Karena Menjadi Preman, Yohanes Harus Kehilangan Satu Matanya

Family / 7 March 2012

Kalangan Sendiri

Karena Menjadi Preman, Yohanes Harus Kehilangan Satu Matanya

Budhi Marpaung Official Writer
9155

Berbekal ilmu yang ia miliki, Yohanes berangkat ke Jakarta untuk meraih impiannya menjadi tentara. Ia pun menguji kehebatannya, saat mengikuti ujian tes masuk. “Dalam psikotest ilmu pengetahuan, saya tidak bisa, tetapi saya percaya dengan roh leluhur,” ujarnya membuka kesaksian hidupnya.

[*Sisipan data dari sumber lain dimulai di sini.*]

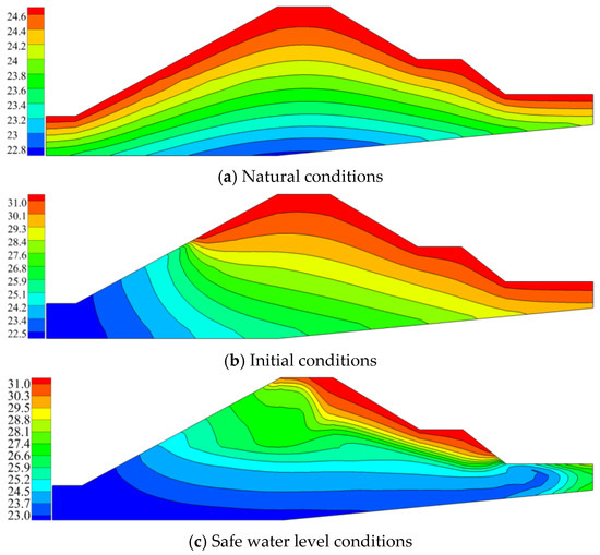 Figure 18 shows the temperature distribution for each set of conditions. Under natural conditions, the temperature field exhibits a layered distribution that gradually decreases from top to bottom. Under the initial conditions, the surface of the embankment continues to heat up owing to the high atmospheric temperature in summer, with a maximum temperature of 31.6 °C, distributed on the downstream surface of the embankment. Because the temperature of the water was lower than that inside the embankment, the temperature inside the embankment gradually decreased from the surface to the interior. The minimum temperature was 22.2 °C, distributed inside the upstream foundation of the embankment. The temperature inside the embankment foundation and downstream embankment toe gradually decreased under safe water level conditions. With a continuous increase in the seepage flow, the temperature gradient at the downstream embankment foot gradually increased, and there was a large temperature difference between the surrounding surface and embankment slope. At this time, the temperature at the downstream embankment slope was 31.6 °C, and that at the embankment toe was 23.6 °C.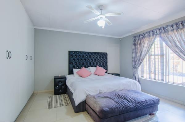 The home offers spacious bedrooms and modern bathrooms. It includes a double garage and two carport parking spaces. This low-maintenance face brick home also features a garden, is pet-friendly, and is an entertainer''s dream.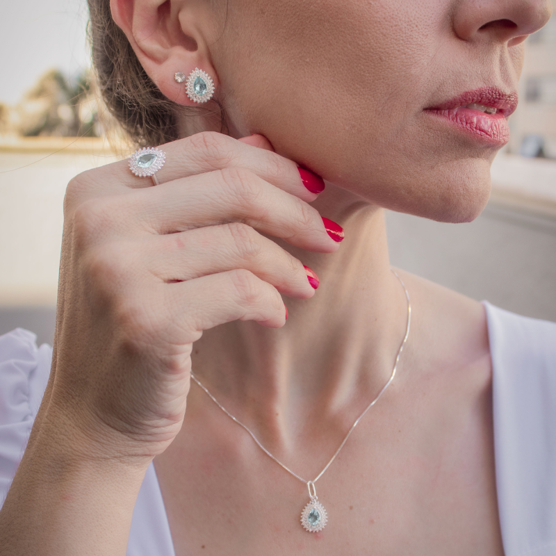 O uso da prata nas joias traz a elegância de um dos metais mais nobres, tornando cada detalhe especial, sendo um material clássico que se mantem em alta na moda e estilo.

“Waktu mau ujian itu kan ya saya beli ayam. Saya berdoa, setelah itu saya panggil roh leluhur,”

Ia berharap dengan melakukan ritual-ritual itu, ia bisa melewati ujian yang ia hadapi. Ternyata… apa yang diharapkannya itu terjadi. Pada saat pengumuman hasil ujian, ia dinyatakan lolos masuk ke dalam sekolah ketentaraan.

Cita-cita menjadi seorang prajurit tinggal selangkah lagi bagi Yohanes. Namun, perkenalannya dengan seorang pria membuat segalanya berubah. “Jadi, bung wahab ini memesan minuman, trus terakhir memesan kue ulang tahun karena dia mengatakan bahwa dia ulang tahun pada hari itu”

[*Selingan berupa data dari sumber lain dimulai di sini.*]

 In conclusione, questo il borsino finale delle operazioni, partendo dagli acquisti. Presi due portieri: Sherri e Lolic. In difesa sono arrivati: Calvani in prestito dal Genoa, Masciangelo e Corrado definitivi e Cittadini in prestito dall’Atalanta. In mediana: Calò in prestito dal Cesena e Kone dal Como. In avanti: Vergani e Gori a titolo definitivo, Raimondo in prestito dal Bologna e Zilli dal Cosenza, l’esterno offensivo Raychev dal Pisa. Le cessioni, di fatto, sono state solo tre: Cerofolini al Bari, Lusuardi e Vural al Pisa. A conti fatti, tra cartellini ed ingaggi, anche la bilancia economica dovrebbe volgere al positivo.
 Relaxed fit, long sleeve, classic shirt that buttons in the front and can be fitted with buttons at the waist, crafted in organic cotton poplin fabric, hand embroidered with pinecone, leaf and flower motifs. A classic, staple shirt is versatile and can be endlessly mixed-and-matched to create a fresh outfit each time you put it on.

“Karena saya tidak pernah minum minuman alkohol dan saat itu saya sedang minum cukup banyak, saya pun ketiduran. Ternyata di saat saya seperti itu, mereka susun strategi. Satu per satu mereka meninggalkan saya.”

Yohanes terbangun ketika seorang pelayan menepuk badannya. Ia sangat kaget ketika sang pelayan meminta bayaran kepada dirinya. Ia pun menolak karena merasa minuman dan makanan yang ia makan malam tadi bukanlah pesanannya.

Perkelahian tak terelakkan. Singkat kisah ia pun kalah dan dibawa ke kepolisian. Di sana, ia diintegrosi oleh petugas. Begitu mengetahui bahwa ia adalah seorang siswa tamtama, polisi itu pun marah karena merasa belum benar-benar menjadi tentara saja ia sudah banyak tingkah.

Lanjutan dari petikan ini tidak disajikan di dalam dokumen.